By Steve Gelsi, MarketWatch
NEW YORK (MarketWatch) -- Energy stocks slid sharply Friday as the broad market and commodity prices reeled on jitters tied to China and the bailout of Greece.
The Dow Jones Industrial Average (INDU 10,021, -123.57, -1.22%) led the way down, falling 147 points, or 1.4%, to once again drop below the 10,000 level. Index components Exxon Mobil Corp. (XOM 64.63, -0.55, -0.84%) and Chevron Corp. (CVX 70.45, -0.47, -0.66%) dropped 1.3% and 1.1%, respectively.

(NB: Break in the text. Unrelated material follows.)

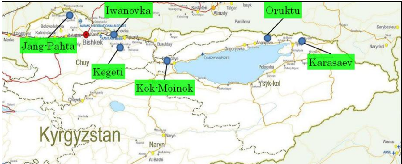
{Map of JFM Project Pilot Sites}

site should be reported to Unit of Forest Ecosystem Development (UFED) in SAEPF in each quarter of the year, for use of monitoring, analysis and discussion of the future JFM activities.

Investors in the energy sector looked toward weekly petroleum inventory data, delayed by two days because of the blizzard in Washington, D.C.
The NYSE Arca Oil Index (XOI 1,006, -15.65, -1.53%) fell 1.7% to 1,005. The NYSE Arca Natural Gas Index (XNG 518.00, -6.60, -1.26%) dropped 1.8% to 515. The Philadelphia Oil Service Index (OSX 194.03, -3.46, -1.75%) subtracted 2.3% to 193.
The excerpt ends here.